Pictures must not appear in the copy. Reproduce exactly, and only, the lines from the one with "Decimal 1987408695 Color" through the end of the data below.

Stored entries:
* * * *
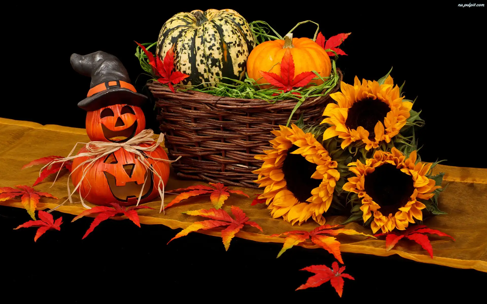 Halloween, Słoneczniki, Kosz, Dynie Na Pulpit
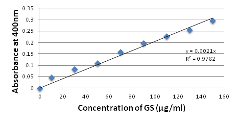 Fig. 1: Calibration curve between absorbance versus concentration of GS.
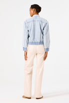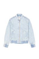 This light wash bomber jacket blends casual streetwear with a timeless, laid-back appeal. Crafted from soft, faded cotton denim, it features a zip front closure, ribbed hem and cuffs and angled side pockets for a relaxed yet structured silhouette.
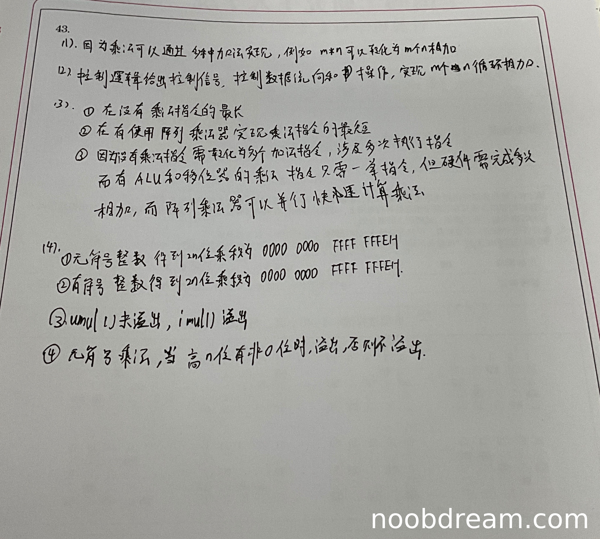 理由:学生回答"乘法可以通过多种加法实现,例如m×n可以转化为m个n相加",这确实是实现乘法的一种基本思路,说明了乘法可以通过加法实现。但标准答案更准确地指出需要结合移位操作,并且提到了具体的实现方法如Booth乘法。学生回答不够完整,扣1分。
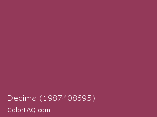 Decimal 1987408695 Color is a normal rose color and the nearest color is Quinacridone Magenta #8e3a59. Hex code #933959 and RGB value is rgb(147,57,89). In RGB color space, this color is composed of 58% red, 22% green, 35% blue, In CMYK color space, this color is composed of 0% cyan, 61% magenta, 39% yellow , 42% black , In HSL color space, this color has a hue angle of 339° , 44% saturation and 40% lightness.
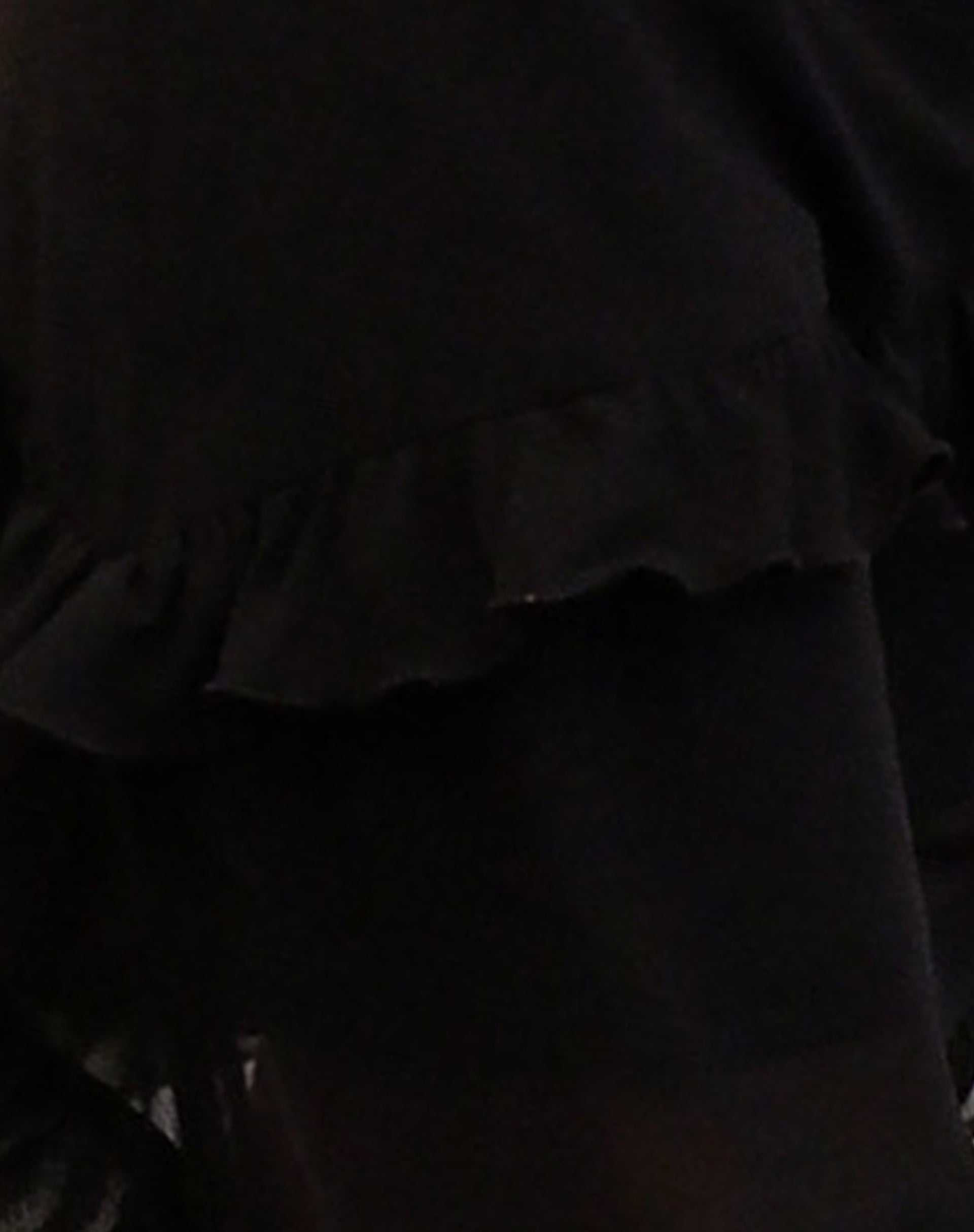 Margaret Ruffle Mini Dress in Black Chiffon with Rosette
* * * *
# Answer space
 Decimal 1987408695 Color is a normal rose color and the nearest color is Quinacridone Magenta #8e3a59. Hex code #933959 and RGB value is rgb(147,57,89). In RGB color space, this color is composed of 58% red, 22% green, 35% blue, In CMYK color space, this color is composed of 0% cyan, 61% magenta, 39% yellow , 42% black , In HSL color space, this color has a hue angle of 339° , 44% saturation and 40% lightness.
 Margaret Ruffle Mini Dress in Black Chiffon with Rosette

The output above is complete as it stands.